TASK PROMPT
Would you repeat every entry below word for word but drop the images?

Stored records

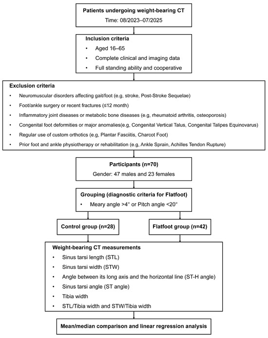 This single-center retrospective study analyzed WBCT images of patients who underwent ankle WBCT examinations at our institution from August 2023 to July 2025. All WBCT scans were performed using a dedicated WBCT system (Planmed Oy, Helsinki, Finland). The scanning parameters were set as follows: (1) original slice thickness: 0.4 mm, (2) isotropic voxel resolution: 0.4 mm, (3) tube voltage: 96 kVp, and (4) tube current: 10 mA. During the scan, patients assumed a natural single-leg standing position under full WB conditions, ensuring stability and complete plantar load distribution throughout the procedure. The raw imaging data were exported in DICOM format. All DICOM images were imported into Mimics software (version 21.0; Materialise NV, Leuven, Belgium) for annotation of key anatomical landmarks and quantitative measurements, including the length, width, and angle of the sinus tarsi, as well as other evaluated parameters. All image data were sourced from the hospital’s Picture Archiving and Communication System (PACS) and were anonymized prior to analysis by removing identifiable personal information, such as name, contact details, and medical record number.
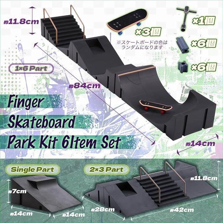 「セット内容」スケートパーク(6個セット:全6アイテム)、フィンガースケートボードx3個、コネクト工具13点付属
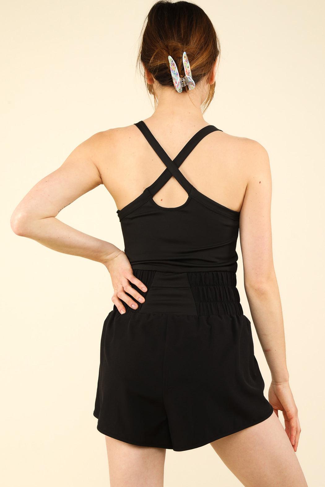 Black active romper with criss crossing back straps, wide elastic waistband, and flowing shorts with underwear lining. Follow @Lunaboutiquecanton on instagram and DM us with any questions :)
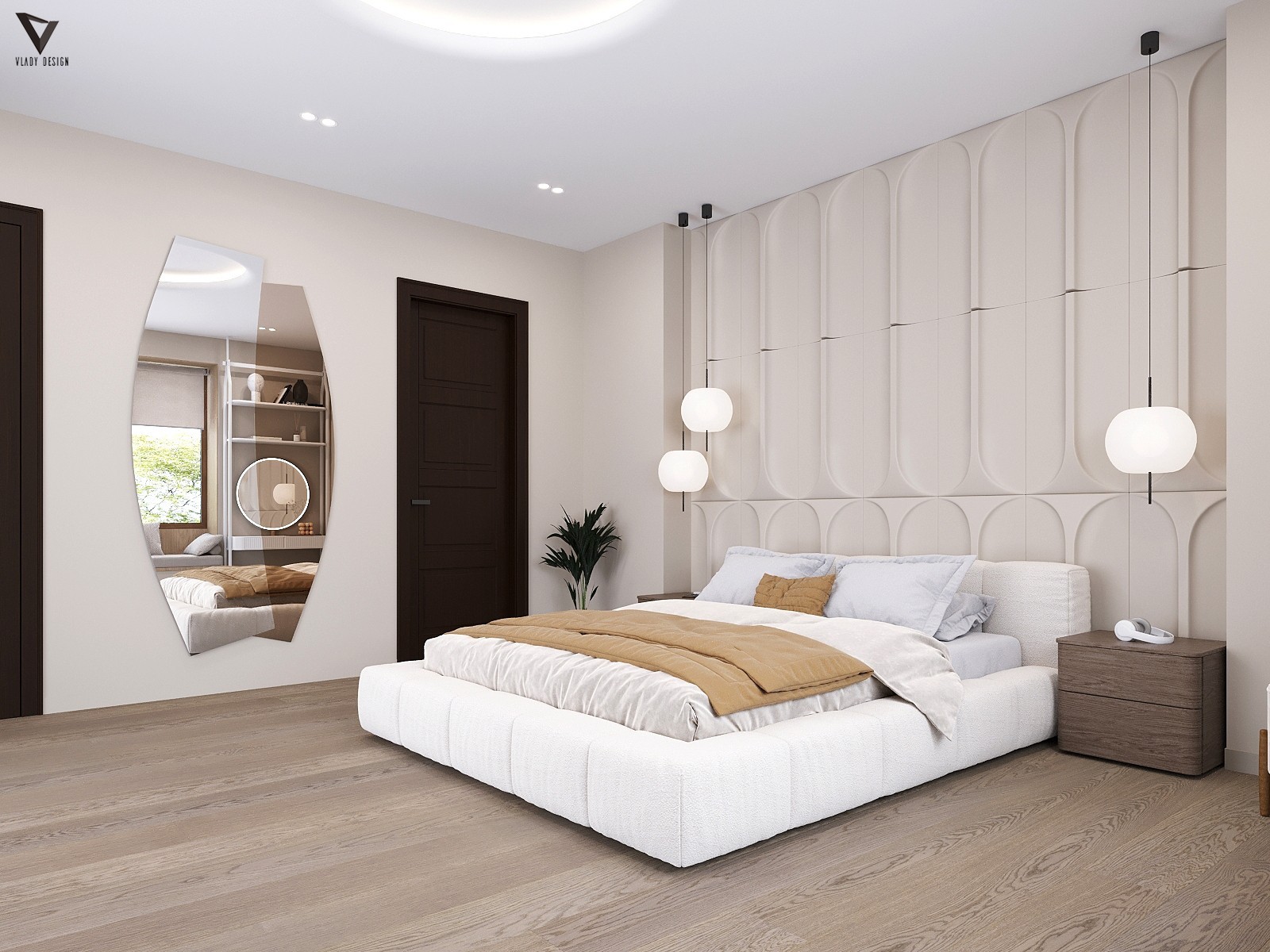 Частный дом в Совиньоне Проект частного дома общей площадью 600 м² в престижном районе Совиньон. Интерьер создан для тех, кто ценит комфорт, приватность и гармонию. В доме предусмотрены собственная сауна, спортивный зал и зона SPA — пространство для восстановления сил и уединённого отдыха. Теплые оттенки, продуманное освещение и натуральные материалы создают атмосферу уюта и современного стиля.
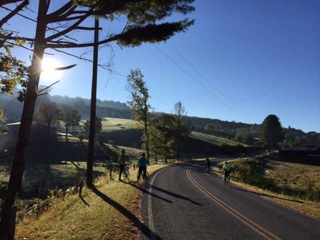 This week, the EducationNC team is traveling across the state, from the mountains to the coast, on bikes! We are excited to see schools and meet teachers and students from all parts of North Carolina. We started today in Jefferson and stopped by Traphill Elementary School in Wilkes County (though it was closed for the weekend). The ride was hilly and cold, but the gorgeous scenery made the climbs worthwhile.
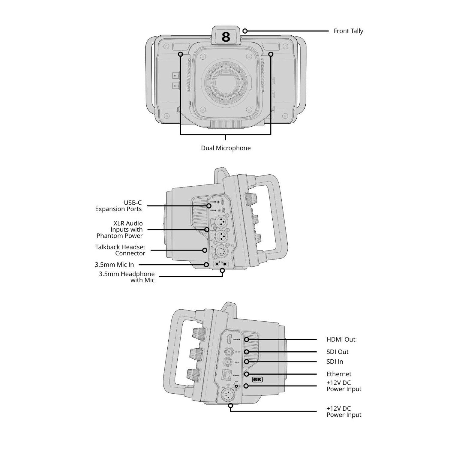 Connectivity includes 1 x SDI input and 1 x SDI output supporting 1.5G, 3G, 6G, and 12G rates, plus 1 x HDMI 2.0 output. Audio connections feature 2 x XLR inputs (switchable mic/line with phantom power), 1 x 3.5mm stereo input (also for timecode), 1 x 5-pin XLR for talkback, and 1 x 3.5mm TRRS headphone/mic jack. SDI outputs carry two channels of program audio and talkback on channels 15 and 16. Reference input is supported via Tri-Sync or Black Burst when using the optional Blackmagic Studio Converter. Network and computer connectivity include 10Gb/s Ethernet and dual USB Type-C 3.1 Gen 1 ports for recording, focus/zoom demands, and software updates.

RESPONSE
 This single-center retrospective study analyzed WBCT images of patients who underwent ankle WBCT examinations at our institution from August 2023 to July 2025. All WBCT scans were performed using a dedicated WBCT system (Planmed Oy, Helsinki, Finland). The scanning parameters were set as follows: (1) original slice thickness: 0.4 mm, (2) isotropic voxel resolution: 0.4 mm, (3) tube voltage: 96 kVp, and (4) tube current: 10 mA. During the scan, patients assumed a natural single-leg standing position under full WB conditions, ensuring stability and complete plantar load distribution throughout the procedure. The raw imaging data were exported in DICOM format. All DICOM images were imported into Mimics software (version 21.0; Materialise NV, Leuven, Belgium) for annotation of key anatomical landmarks and quantitative measurements, including the length, width, and angle of the sinus tarsi, as well as other evaluated parameters. All image data were sourced from the hospital’s Picture Archiving and Communication System (PACS) and were anonymized prior to analysis by removing identifiable personal information, such as name, contact details, and medical record number.
 「セット内容」スケートパーク(6個セット:全6アイテム)、フィンガースケートボードx3個、コネクト工具13点付属
 Black active romper with criss crossing back straps, wide elastic waistband, and flowing shorts with underwear lining. Follow @Lunaboutiquecanton on instagram and DM us with any questions :)
 Частный дом в Совиньоне Проект частного дома общей площадью 600 м² в престижном районе Совиньон. Интерьер создан для тех, кто ценит комфорт, приватность и гармонию. В доме предусмотрены собственная сауна, спортивный зал и зона SPA — пространство для восстановления сил и уединённого отдыха. Теплые оттенки, продуманное освещение и натуральные материалы создают атмосферу уюта и современного стиля.
 This week, the EducationNC team is traveling across the state, from the mountains to the coast, on bikes! We are excited to see schools and meet teachers and students from all parts of North Carolina. We started today in Jefferson and stopped by Traphill Elementary School in Wilkes County (though it was closed for the weekend). The ride was hilly and cold, but the gorgeous scenery made the climbs worthwhile.
 Connectivity includes 1 x SDI input and 1 x SDI output supporting 1.5G, 3G, 6G, and 12G rates, plus 1 x HDMI 2.0 output. Audio connections feature 2 x XLR inputs (switchable mic/line with phantom power), 1 x 3.5mm stereo input (also for timecode), 1 x 5-pin XLR for talkback, and 1 x 3.5mm TRRS headphone/mic jack. SDI outputs carry two channels of program audio and talkback on channels 15 and 16. Reference input is supported via Tri-Sync or Black Burst when using the optional Blackmagic Studio Converter. Network and computer connectivity include 10Gb/s Ethernet and dual USB Type-C 3.1 Gen 1 ports for recording, focus/zoom demands, and software updates.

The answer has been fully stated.